To help understand these relationships, consider the analogy of being in the driver’s seat of a car. Imagine the car has a constant speed of 40 miles per hour. The car has been designed to go this speed with your feet off the peddles. (Not a particularly safe design feature, I’ll grant. But this is a thought experiment. So ride along with me for a little while. I promise we won’t crash.) Now, when you increase (↑) pressure on the gas peddle the car’s speed increases (↑). If you then decrease (↓) pressure on the gas peddle the car’s speed decreases (↓) until it returns to the original 40 MPH. That’s the direct relationship illustrated between “A” and “B” in Figure 2. As “A” increases, so does “B.” Increase pressure on the gas peddle and the speed of the car increases. As “A” decreases, so does “B.” Decrease pressure on the gas peddle and the car speed decreases until it slows down the the original 40 MPH. More of “A” results in more of “B” (↑↑) while less of “A” results in less of  “B.” (↓↓)

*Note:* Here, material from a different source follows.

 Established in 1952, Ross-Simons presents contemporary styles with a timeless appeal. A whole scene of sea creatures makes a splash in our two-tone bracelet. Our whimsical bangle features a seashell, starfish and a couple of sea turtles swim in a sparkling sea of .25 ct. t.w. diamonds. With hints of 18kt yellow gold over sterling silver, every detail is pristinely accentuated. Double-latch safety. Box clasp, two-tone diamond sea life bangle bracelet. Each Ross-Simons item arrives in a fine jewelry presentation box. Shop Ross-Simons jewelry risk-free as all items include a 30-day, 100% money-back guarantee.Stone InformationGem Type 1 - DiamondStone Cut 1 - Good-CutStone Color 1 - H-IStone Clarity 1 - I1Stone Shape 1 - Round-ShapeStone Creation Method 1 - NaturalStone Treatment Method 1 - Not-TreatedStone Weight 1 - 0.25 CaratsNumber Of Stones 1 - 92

Now for the brake. If you increase (↑) pressure on the brake peddle the car’s speed decreases (↓) – it slows down to something less than 40 miles per hour. Increase the pressure on the brake enough and the car will stop. However, if you decrease (↓) pressure on the brake the car’s speed begins to increase (↑). If you remove all pressure on the brake peddle, the car returns to the constant 40 mile per hour speed. That’s the inverse relationship illustrated between “A” and “B” in Figure 3. As “A” increases, “B” goes the opposite way and decreases. Increase pressure on the brake peddle and the speed of the car decreases. As “A” decreases, “B” goes the opposite way and increases. Decrease pressure on the brake and the speed of the car increases until it is once again moving at 40 MPH. More of “A” results in of less of “B” (↑↓) while less of “A” results in more of  “B.” (↓↑)

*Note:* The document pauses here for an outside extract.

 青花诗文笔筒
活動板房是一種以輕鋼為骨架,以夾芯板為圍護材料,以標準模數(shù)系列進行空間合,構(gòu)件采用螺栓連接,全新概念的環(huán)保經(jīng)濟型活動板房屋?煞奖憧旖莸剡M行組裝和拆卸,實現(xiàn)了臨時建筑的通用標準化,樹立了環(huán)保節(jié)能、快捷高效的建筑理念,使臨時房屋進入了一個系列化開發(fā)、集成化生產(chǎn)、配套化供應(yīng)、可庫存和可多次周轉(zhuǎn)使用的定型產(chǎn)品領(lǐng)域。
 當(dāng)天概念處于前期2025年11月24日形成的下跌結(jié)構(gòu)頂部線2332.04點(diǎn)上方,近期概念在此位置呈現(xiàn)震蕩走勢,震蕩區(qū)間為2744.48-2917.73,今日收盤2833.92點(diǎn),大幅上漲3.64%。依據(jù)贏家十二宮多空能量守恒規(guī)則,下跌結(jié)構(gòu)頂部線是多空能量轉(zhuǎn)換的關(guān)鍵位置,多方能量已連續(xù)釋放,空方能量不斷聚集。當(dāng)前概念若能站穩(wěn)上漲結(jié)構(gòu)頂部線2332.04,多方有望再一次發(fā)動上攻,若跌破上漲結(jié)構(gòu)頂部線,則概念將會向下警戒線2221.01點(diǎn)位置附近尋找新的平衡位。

For an example of these relationships in action, let’s look at the dynamics behind two cosmic quandaries: Which came first, the chicken or the egg and why do chickens cross the road?

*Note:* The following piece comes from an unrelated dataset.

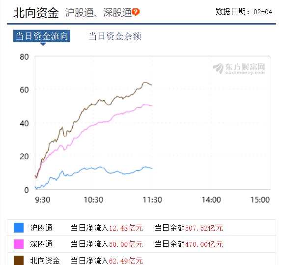 值得注意的是,2月4日早盤,北向資金再度流入62.49億元。數(shù)據(jù)顯示,滬股通早盤流入12.48億元,深股通流入50.00億元,合計流入62.49億元。

No matter which came first, eggs come from chickens and chickens come from eggs. If the number of eggs increase, the number of chickens will increase. If the number of eggs decrease, the number of chickens will decrease (Figure 4.)

Figure 4

If the number of chickens increase, the number of eggs will increase. If the number of chickens decrease, the number of eggs will decrease (Figure 5.)

Figure 5

These are direct relationships as described for Figure 2. Taken together, the causal loop diagram is shown in Figure 6.

Figure 6

If times are good, there are more and more eggs leading to more and more chickens and Chicken World starts to get a bit crowded. In search of a better life, some of the chickens decide to cross the road (now you know why they cross the road!) Another direct relationship in the system (Figure 7.)

Figure 7

However, life is so good on the other side of the road that chickens never cross back over to where they started. An increase in the number road crossings result in a decrease in the number of chickens. (Figure 8.) This is an inverse relationship as described for Figure 3.

Figure 8

Connecting all the pieces, the very simple causal loop diagram describing Chicken World is shown in Figure 9.

Figure 9

This simple example illustrates how systems stay balanced. If there are too many eggs, leading to too many chickens, more chickens cross the road until the population is restored to a sustainable level. If too many chickens cross the road, the number of chickens decrease and therefore so do the number of eggs which means there are fewer chickens crossing road. Once again, the population is eventually restored to a sustainable level.

That’s all the system dynamics you’ll need to read the causal loop diagrams presented in subsequent posts.